WHAT THE TASK ASKS -
Word for word, copy the lines from the one with "4-Platten Herd, Gasofen" to the last line of the data below, counting both, and keep every picture out.

(EXTRACTED RECORDS Opens)

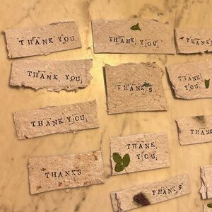 18 unique thank you tags Handmade paper Each is unique Giving a boho vibe Flowers Leaf Paper
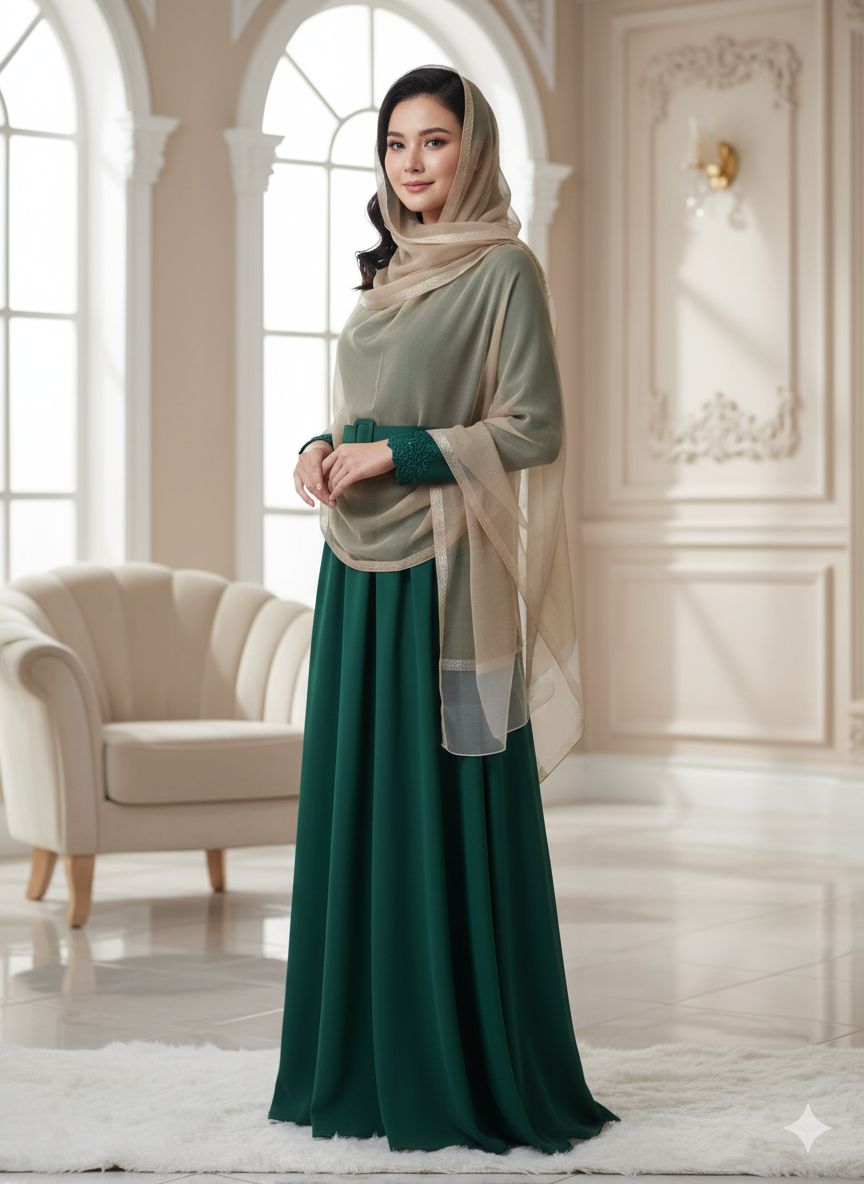 شال شيفون خفيف بلون بيج هادئ، خامته شبه شفافة وملمسه ناعم، مناسب للإطلالات اليومية أو المناسبات البسيطة. التصميم طولي وانسيابي، مع حواف رفيعة بلون ذهبي خفيف تضيف لمسة نعومة من غير أي مبالغة. يناسب تنسيقه مع قطع كلاسيك أو كاجوال، وبيظهر على الجسم بشكل خفيف ومريح.
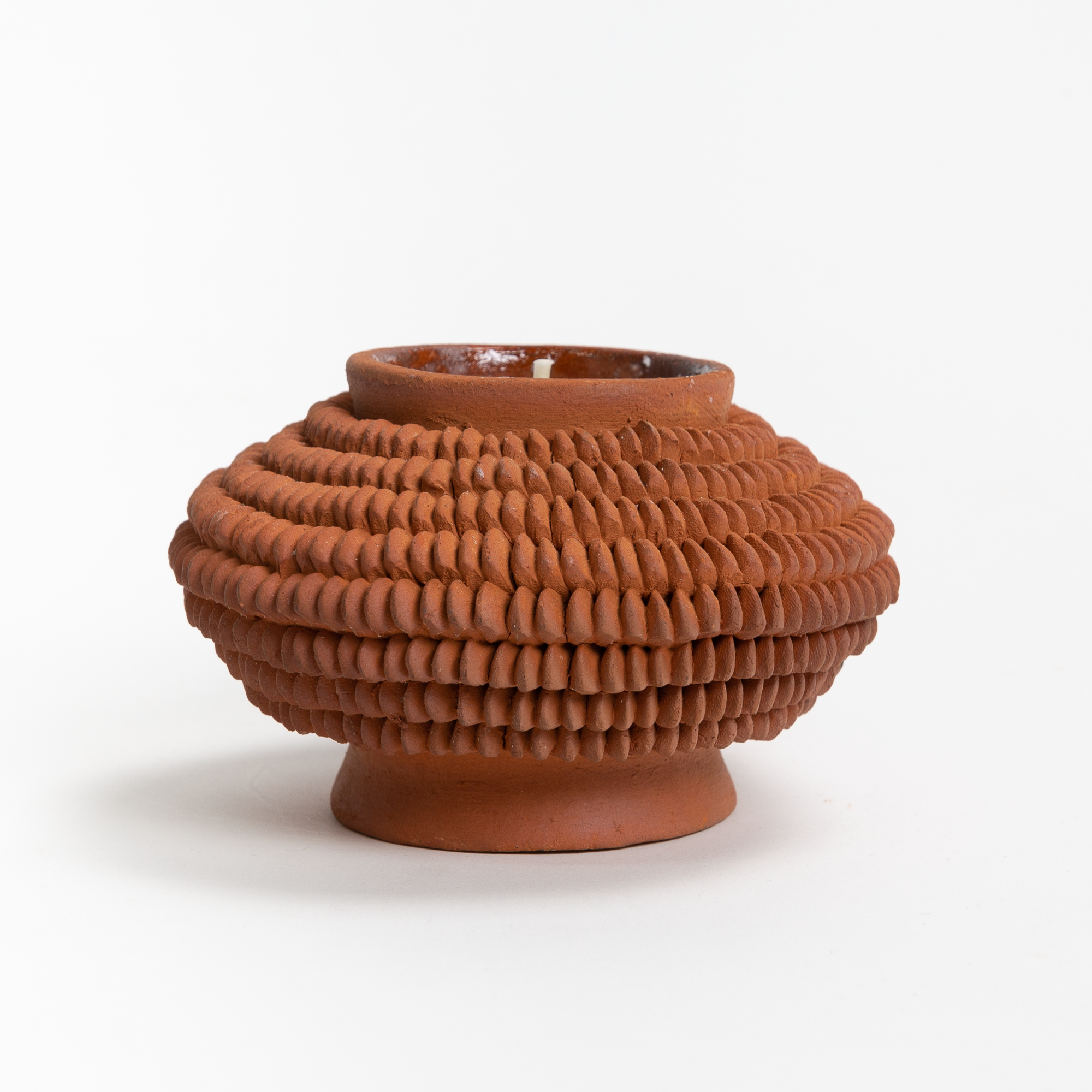 This small clay candle is handmade by artisans in Mexico. The center is filled with a wax candle. Each candle is unique. Handmade in Mexico.
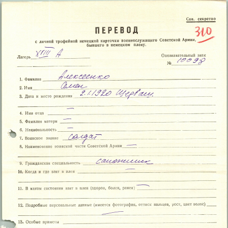 Военнопленные, трофейные карточки. Киевская обл.
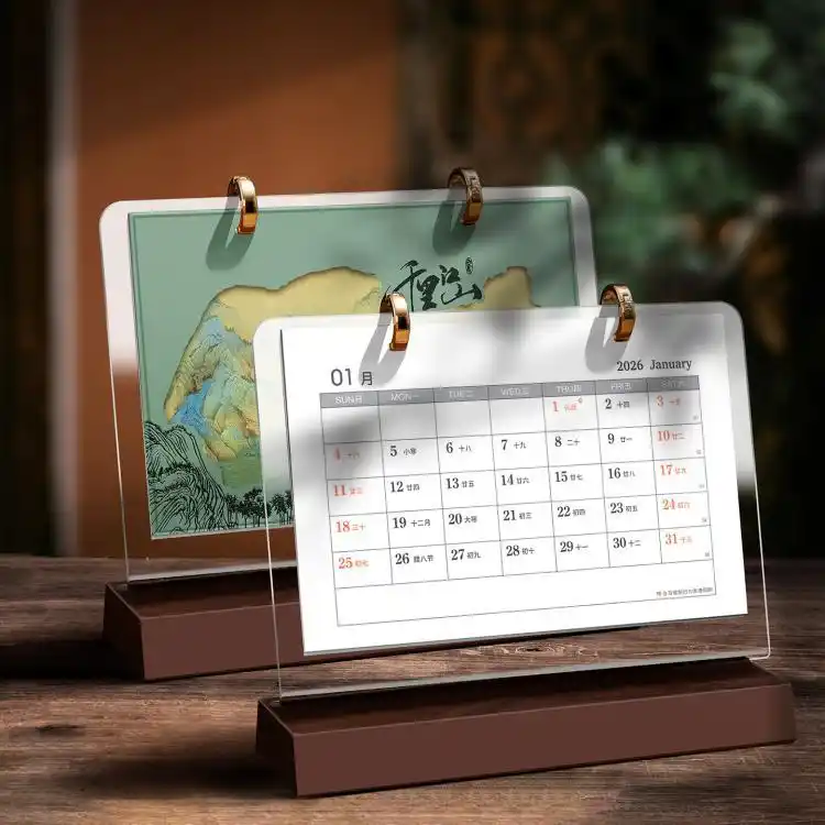 2026年企业高档木质索引台历架 亚克力材质 中式古典风 可LOGO定制
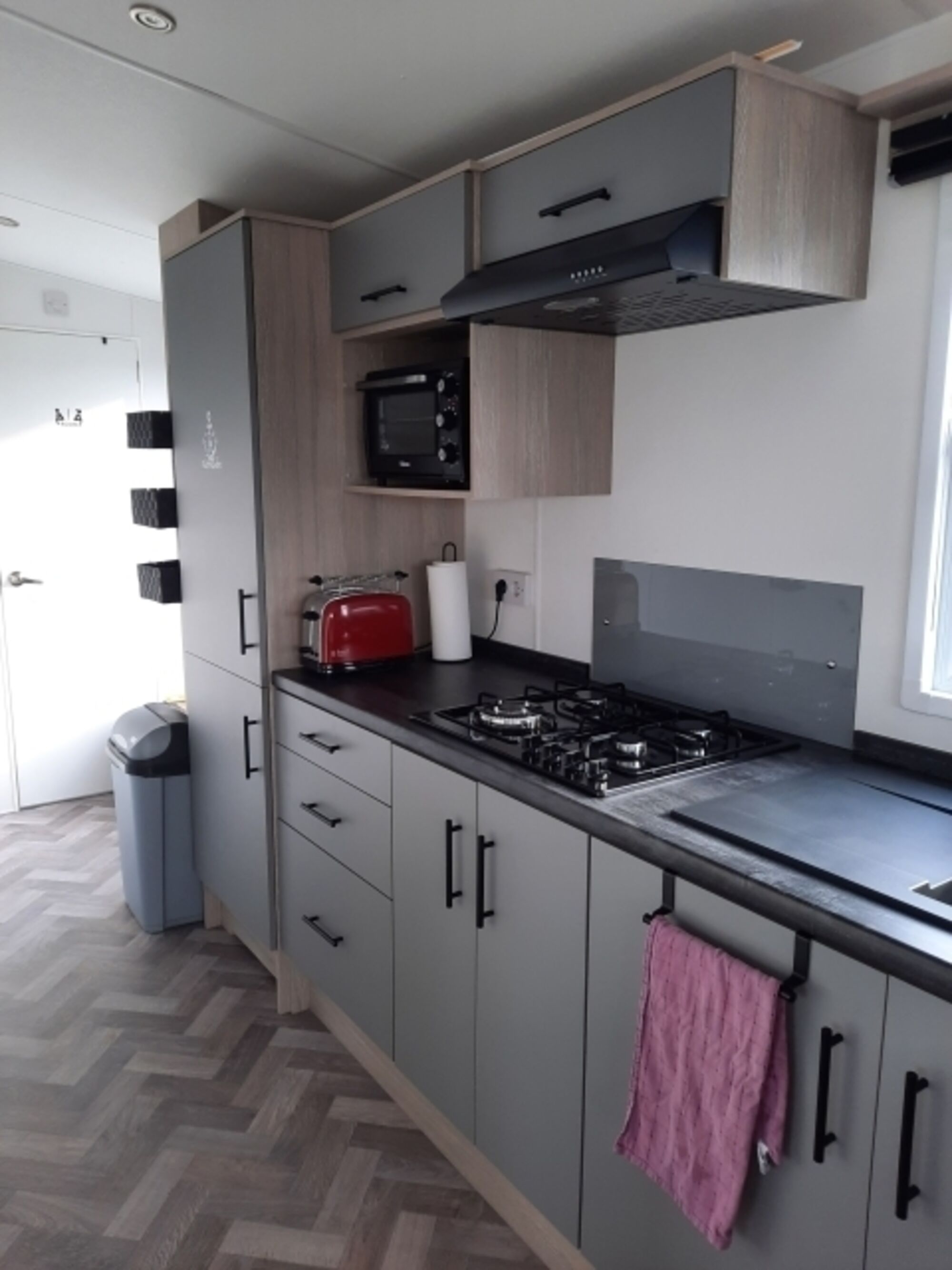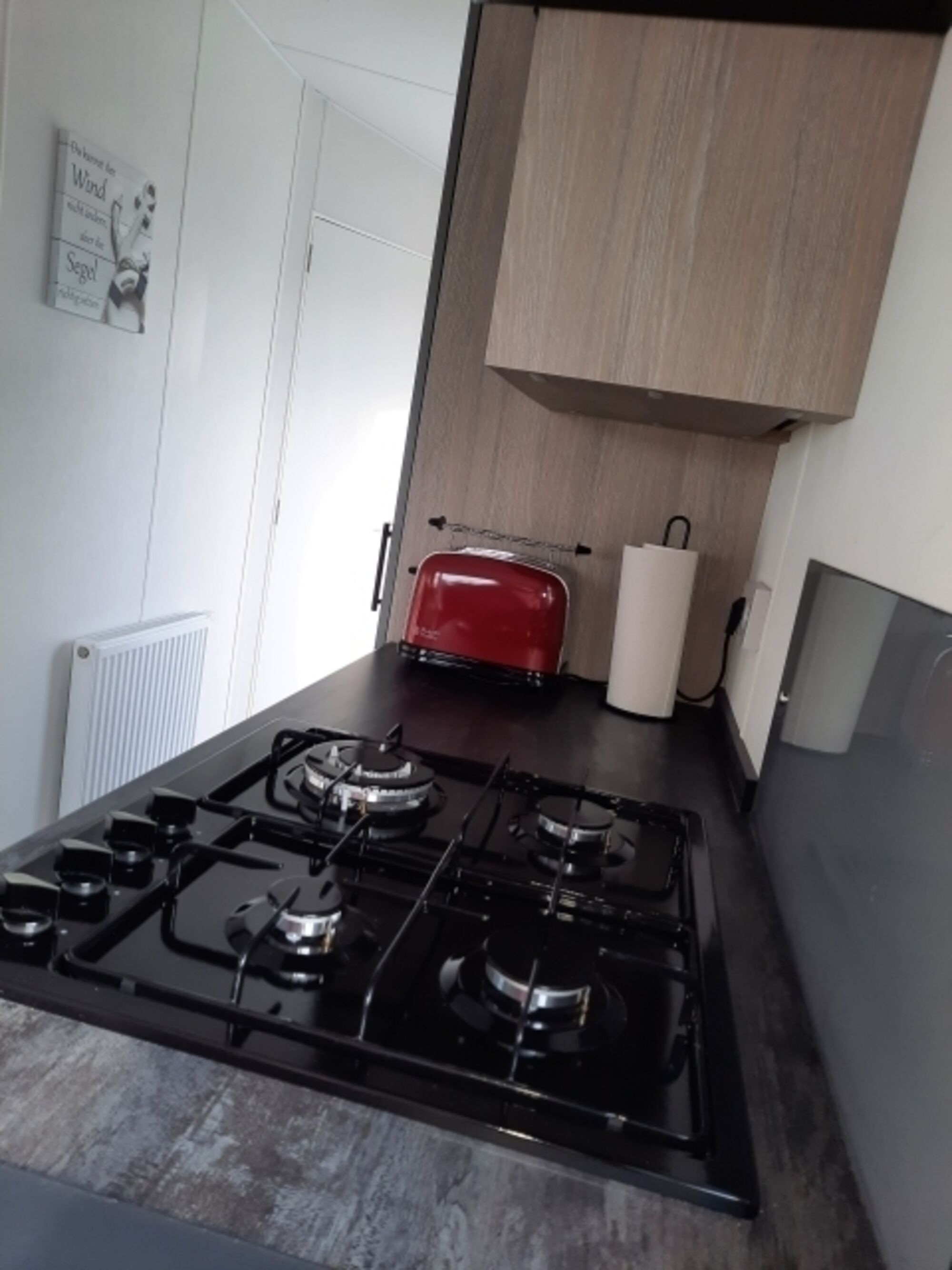 4-Platten Herd, Gasofen / Gasherd, Dunstabzugshaube, Kühlschrank mit Gefrierfach, Gefrierschrank, Mixer, Korkenzieher / Flaschenöffner, Gewürze (Salz, Pfeffer, Zucker), Mülltüten, Essplatz in der Küche
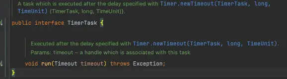 接下來是 TimeTask 接口,它只有一個方法 run,參數類型是 Timeout,我們注意到上面 Timer 接口的 newTimeout 這個方法返回的參數就是 Timeout,和此處的入參相同,實際這裏傳入的 Timeout 參數就是 newTimeout 的返回值。

(EXTRACTED RECORDS Closes)

SOLUTION BELOW -
 4-Platten Herd, Gasofen / Gasherd, Dunstabzugshaube, Kühlschrank mit Gefrierfach, Gefrierschrank, Mixer, Korkenzieher / Flaschenöffner, Gewürze (Salz, Pfeffer, Zucker), Mülltüten, Essplatz in der Küche
 接下來是 TimeTask 接口,它只有一個方法 run,參數類型是 Timeout,我們注意到上面 Timer 接口的 newTimeout 這個方法返回的參數就是 Timeout,和此處的入參相同,實際這裏傳入的 Timeout 參數就是 newTimeout 的返回值。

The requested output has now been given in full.